Stormwater treatment areas (STAs) are constructed wetlands divided into flow-through treatment cells that remove nutrients from agricultural and urban runoff water. The nutrients are consumed through plant growth, and captured by accumulation of dead plant material in a layer of sediment. STAs were introduced around the Everglades National Park in an effort to reduce nutrient levels in water flowing towards the park. STAs have been estimated to reduce phosphorus levels by about 80%.

==Description==

Agricultural and urban runoff water containing excess phosphorus is channeled through pump stations into shallow marshes that have been planted with a selection of plants with useful characteristics for water purification, like cattails, submerged aquatic plants and algae. These plants species absorb phosphorus, storing it in their roots, stems and leaves. When they die, they decompose creating a sediment layer that continues to absorb and hold decades worth of phosphorus.

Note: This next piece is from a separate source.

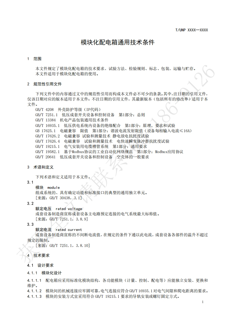模块化配电箱通用技术条件Generaltechnicalspecificationformodulardistributionboxes348072@abc7小时前发布关注私信0.38MB8页044模块化配电箱通用技术条件Generaltechnicalspecificationformodulardistributionboxes此内容为付费资源,请付费后查看¥19¥23黄金会员免费钻石会员免费立即购买您当前未登录!建议登陆后购买,可保存购买订单付费资源 第1页 / 共8页 第2页 / 共8页 第3页 / 共8页 第4页 / 共8页 第5页 / 共8页 试读已结束,还剩3页,您可下载完整版后进行离线阅读 THE END标准规范 文本预览 ICS29.240.30UNSPSC 32.15.19CCSP63UNP团体标准T/UNP XXXX-XXXX模块化配电箱通用技术条件General technical specification for modular distribution boxes获取全文请联系征求意见稿)XXXx-Xx-XX发布XXXX-x-XX实施中国联合国采购促进会发布 查看更多 收起部分 喜欢就支持一下吧收藏
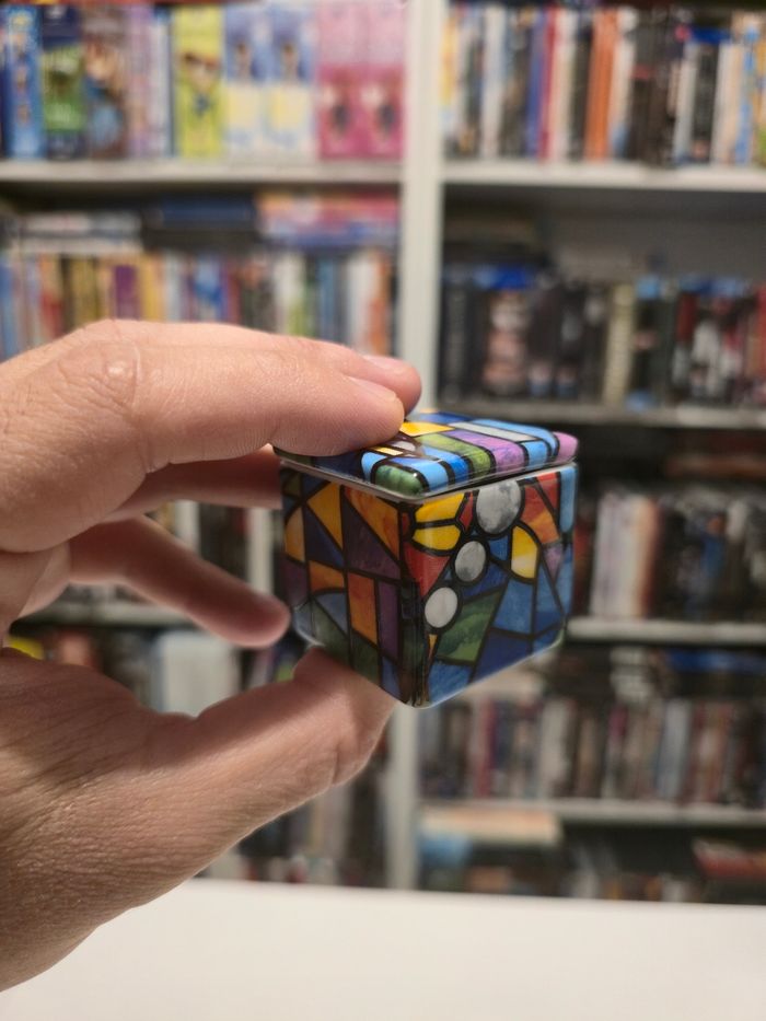 Vintage Antoni Gaudi Art Trencadis motif mosaïque dans des couleurs vives boîte à bijoux en porcelaine avec couvercle fabriqué en Espagne.

Water that flows out of the STAs into Everglades National Park has significantly lower levels of phosphorus than it did when it first entered.

==History of phosphorus in Everglades National Park==

The Everglades is a delicate ecological system with a naturally low level of existing phosphorus, resulting in a landscape of sawgrass, wet prairies and tree islands that were well adapted to the low nutrient environment. Increasing levels of nutrients such as phosphorus can encourage the growth of invasive species, smothering and crowding out the natives. STAs have been implemented in key positions at the northern edge of the Everglades to help keep phosphorus laden water from reaching the park, but concerns remain that the already elevated phosphorus levels in both Lake Okeechobee and the Everglades Agricultural Area (both heavy contributors to nutrient laden runoff) are so high that phosphorus loads into the park could continue for many decades.